Buffeted by fierce thermals, Mr Hicks will wobble aloft from his base near Bishop's Nympton, north Devon, and range over the prime killing fields of Exmoor 10 miles to the north and the Quantocks, 20 miles east in Somerset.
Prime targets aboard his pounds 3,500 blue and yellow second-hand spy-plane will be the activities of three stag hunts, the Devon and Somerset, the Quantocks, and the Tiverton, all long-standing enemies during his 10 years as manager of the League Against Cruel Sports' deer sanctuaries in the West Country.
Using a pounds 2,000 video camera, Mr Hicks hopes to get candid shots of stags being driven over cliffs or of hounds tearing deer to shreds, a scoop that was always denied him as a foot soldier for the league.
'I've been trying to get film of the hunt kill for 10 years,' Mr Hicks said yesterday.
'Each time when I've got anywhere close I've been attacked. Using a microlight seems one way of getting unique film really bringing home the horror of hunting to the general public.
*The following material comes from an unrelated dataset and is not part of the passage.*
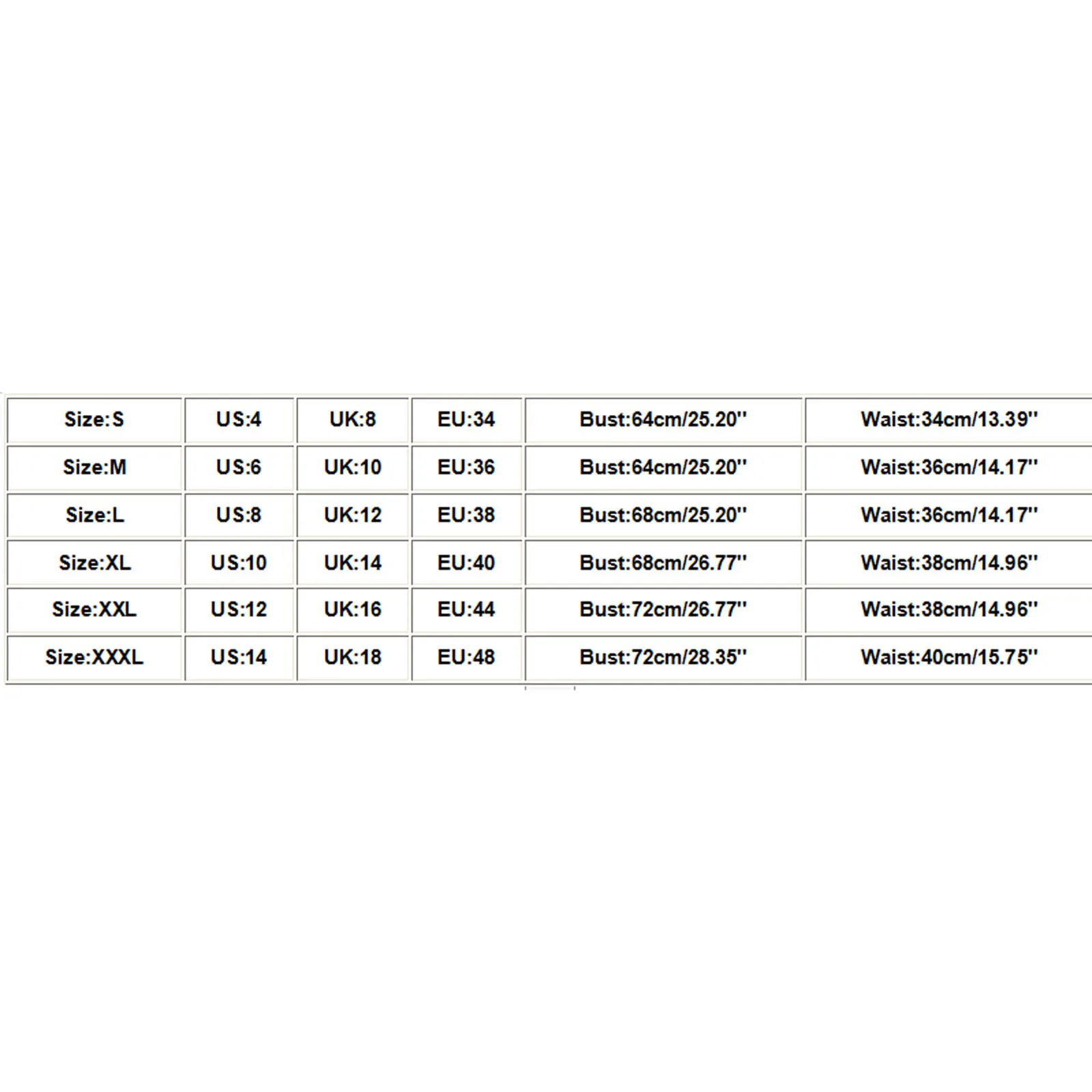 | Size | US | UK | EU | Bust | Waist |

'I can't actually fly just yet, but there's a guy lives locally who's an instructor and he'll teach me for pounds 300. I've only got to do nine hours before I can go solo and after 24 hours I can take a passenger. It's got a long-range tank so it'll stay in the air five hours and there's someone in the Quantocks who'll let me land there to refuel.
'The serious debate now is about me being shot down. My wife and I lived under police protection for six months so we do realise there's a degree of danger in this.
'It'll be all too easy for someone under cover to take a pot shot with a high-powered rifle and never be found out.
'I was thinking of getting a parachute but it doesn't work from 500ft (150m); or a big pair of springs to put in the bottom of my shoes.'
Mr Hicks, who is now executive director of International Animal Rescue, said he had been trying to get into Bosnia to bring out their zoo animals but the recent attack on a convoy of orphans had put an end to any ideas of such an operation.
'One reason I've been successful in opposing stag hunting is because I'm always looking at new angles to attack it,' he said. 'There are plenty of people stupid or brave enough to fly with me. Even if it means taking a serious risk I think the microlight's a positive step to expose what's going on.'
Mr Hicks's new initiative comes at a time when he appears to have suffered a reversal at the hands of the hunting community. Last year he left the league, amid some acrimony, to manage St John's Wood, an 87-acre deer sanctuary in north Somerset for Paul McCartney, the rock star, and his wife Linda.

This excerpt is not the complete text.